Dans la même interview, Joe Casey a indiqué que Paul Maybury (avec qui il avait déjà travaillé pour quelques chapitres de Catalyst comics) n'était pas familier du travail de Jack Kirby, et qu'il lui a donc donné quelques indications du mode de rendu qu'il souhaitait. En surface les dessins de l'artiste n'ont rien de commun avec ceux de Jack Kirby, ni dans les poses des personnages, ni dans l'encrage ou l'usage des aplats de noir. À la rigueur, le lecteur peut voir dans les costumes des 3 quasi dieux, une rémanence de l'inventivité baroque de Kirby, mais sans en avoir la flamboyance.

Paul Maybury conçoit l'apparence de Knox, Greghorn et Jhago en leur donnant une tête assez plate sur la partie supérieure, pour un effet qui n'est pas comique, mais qui leur donne une apparence un peu de bêtas. La coiffure de Greghorn en forme de balai brosse est vraiment déconcertante, avec une surface trop grande pour son crâne. Knox sourit régulièrement comme s'il était très jeune et amusé de tout. La conception des costumes est donc fantaisiste, mais peu réaliste, ou en tout cas peu pragmatique. Ainsi les bottes très épaisses de Knox lui montent au-dessus du genou, alors qu'elles sont entièrement rigides. En le voyant évoluer sur la page, le lecteur à l'impression que l'articulation de la rotule est totalement enchâssée dans une matière inflexible, l'empêchant ainsi de remplir son office. Dans le même ordre d'idée, le bras gauche de Jhago se termine avec une sphère en lieu et place de la main, qui donne l'impression d'être en plastique. du coup le lecteur a l'impression de voir une figurine articulée plutôt qu'un personnage crédible.
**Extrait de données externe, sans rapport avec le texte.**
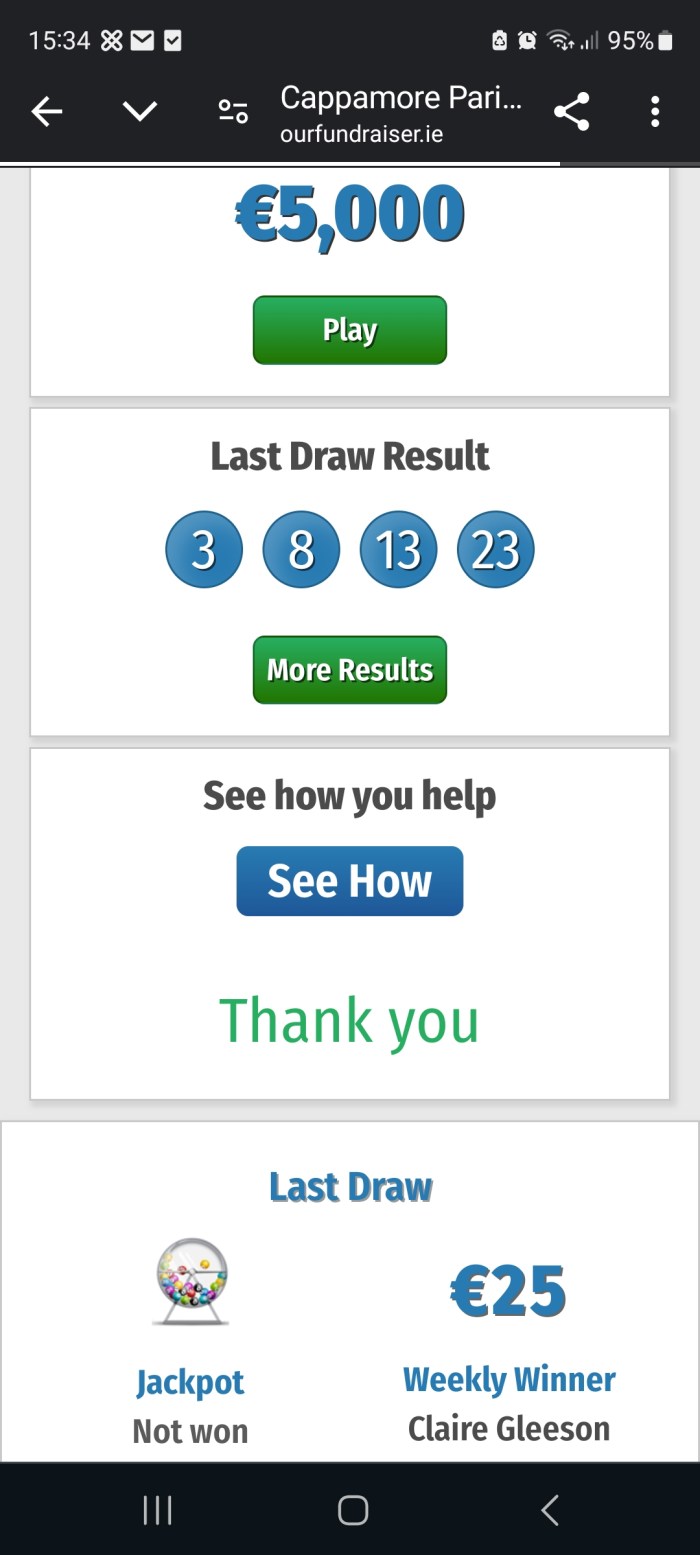 Cappamore St Michael’s Church Lotto Results Posted on June 7, 2024 by Cappamore Cappamore St Michael’s Church Lotto Results
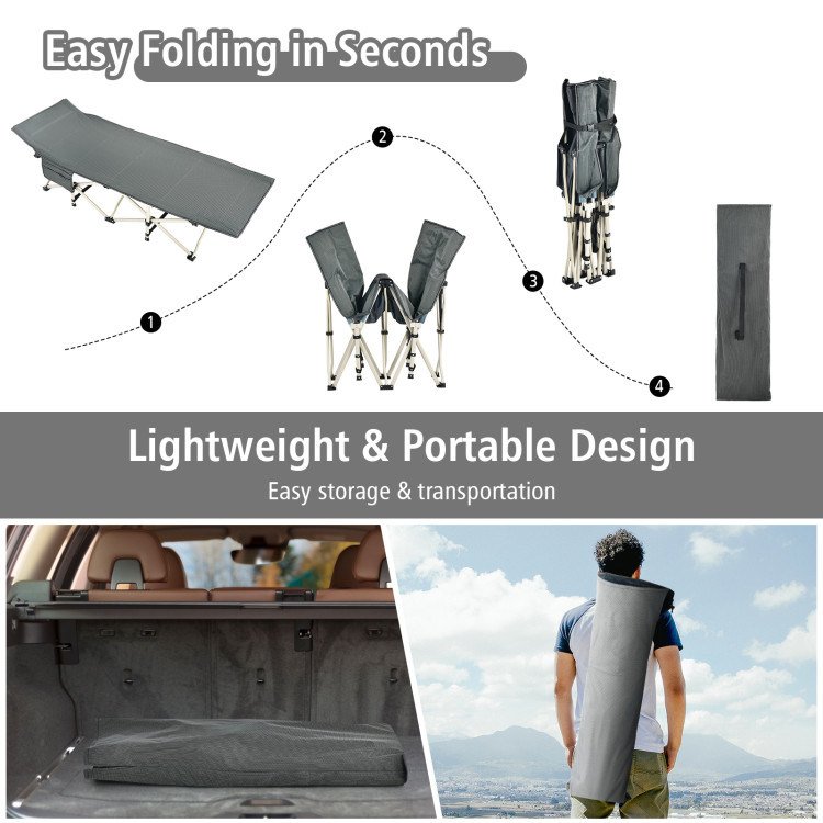 ● Easy Folding and Carrying: The lightweight and portable sleeping bed can be folded and unfolded in seconds with no tools required, and designed with a carrying bag for convenient storage and transportation. Besides, there exists a spacious side storage pocket to store your water bottles, phones, keys, sunglasses, books, and more.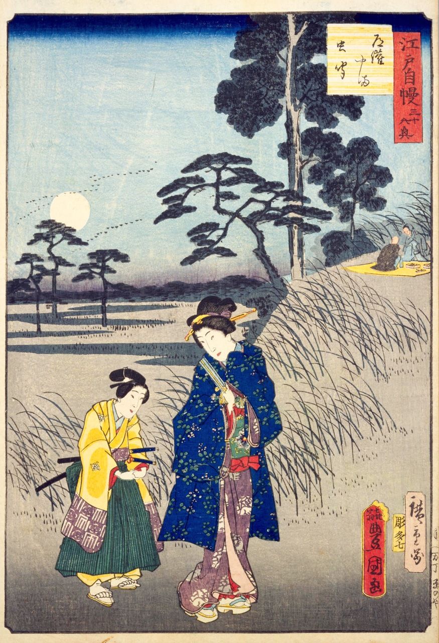 Гравюра «36 праздников, которыми гордится Эдо – слушание насекомых на горе Докан» (Эдо дзиман сандзюроккё докан яма муси кики). На ней изображена мать с сыном, которые пришли послушать стрекот насекомых (коллекция Национальной парламентской библиотеки)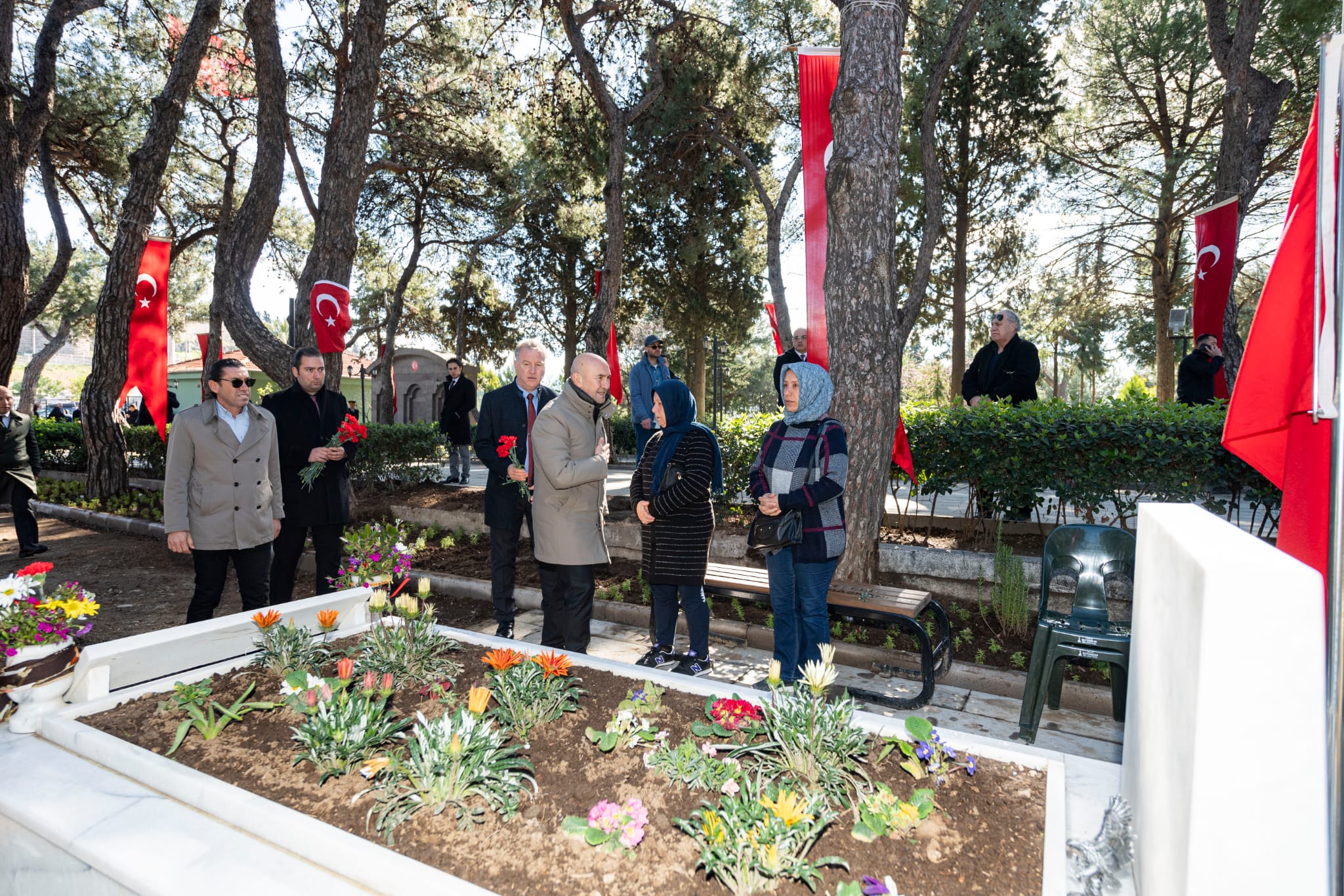 Törende şehitler için dua okunmasının ardından Kadifekale Şehitliği'ndeki kabirlere karanfil bırakıldı.
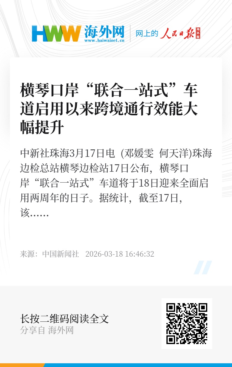 中新社珠海3月17日电 (邓媛雯 何天洋)珠海边检总站横琴边检站17日公布,横琴口岸“联合一站式”车道将于18日迎来全面启用两周年的日子。据统计,截至17日,该站依托全国首创的车辆“合作查验、一次放行”创新模式,持续优化通关服务、提升查验效能,累计查验出入境车辆637万辆次,同比增长89%,其中澳门单牌车超420万辆次,占车流总量的65.9%,是琴澳跨境车流的主力。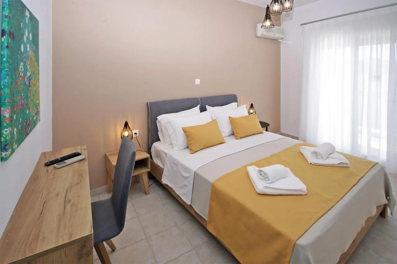 Vedere: Vedere Bucătărie: Frigider Cană fierbător Dormitor: Lenjerie de pat Garderobă sau dulap General : Pardoseală de gresie/marmură Aer condiţionat Media/Tehnologie: TV cu ecran plat Baie: Duş Prosoape Articole de toaletă gratuite Papuci de casă Baie privată Uscător de păr Exterior: Balcon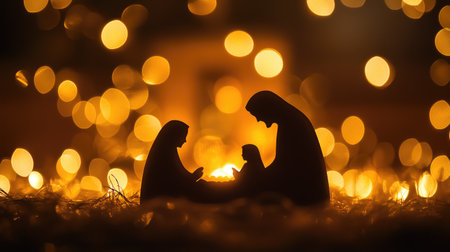 A beautifully captured silhouette of a nativity scene against a backdrop of warm bokeh lights, evoking the spirit and tranquility of the Christmas season and family gatherings.

D'une manière générale, le registre des expressions de visage des différents personnages est assez limité, sans beaucoup de nuances. Les décors sont présents régulièrement, simples mais reconnaissables, avec une approche graphique un peu similaire à celle de Tom Scioli pour la série Godland. Les êtres humains sont représentés avec des morphologies différentes, mais là encore avec des visages un peu figés. Pour autant la narration visuelle reste compréhensible et plutôt en phase avec le ton du récit. Elle n'est pas infantile, mais elle donne l'impression d'un artiste pas forcément à l'aide d'un point de vue technique qui hésite entre des dessins simplifiés pour un public de jeunes adolescents, des dessins de superhéros mais sans en avoir l'air car ce n'est pas ce genre de récit, et des dessins plus adultes ne jouant pas sur le registre de la séduction esthétique.
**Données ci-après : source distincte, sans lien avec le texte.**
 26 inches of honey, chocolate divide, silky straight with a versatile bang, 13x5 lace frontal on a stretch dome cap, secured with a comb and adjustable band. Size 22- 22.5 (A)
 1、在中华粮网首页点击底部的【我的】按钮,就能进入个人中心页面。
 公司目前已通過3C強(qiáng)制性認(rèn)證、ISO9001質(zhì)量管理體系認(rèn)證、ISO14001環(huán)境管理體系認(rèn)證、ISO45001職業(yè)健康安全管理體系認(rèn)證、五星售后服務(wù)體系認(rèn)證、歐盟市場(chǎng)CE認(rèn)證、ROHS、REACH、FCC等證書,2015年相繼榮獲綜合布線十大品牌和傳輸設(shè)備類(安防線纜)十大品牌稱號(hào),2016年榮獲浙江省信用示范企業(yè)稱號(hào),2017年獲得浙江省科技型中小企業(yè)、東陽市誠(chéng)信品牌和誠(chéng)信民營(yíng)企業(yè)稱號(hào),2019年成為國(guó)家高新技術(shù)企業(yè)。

Au final, le lecteur est content de quitter ces personnages avec leur pseudo parler shakespearien, leurs atermoiements ne générant pas beaucoup d'empathie. Il a fini par s'habituer aux dessins et à apprécier leur côté un peu immédiat, sans pour autant être transporté par une expérience visuelle riche ou inédite. Il a bien perçu les intentions des auteurs : hommage aux récits de Jack Kirby sur Thor et réflexion sur un mode de vie dédié aux affrontements pour imposer les valeurs d'une société, sans que cela n'aboutisse sur un contenu très original.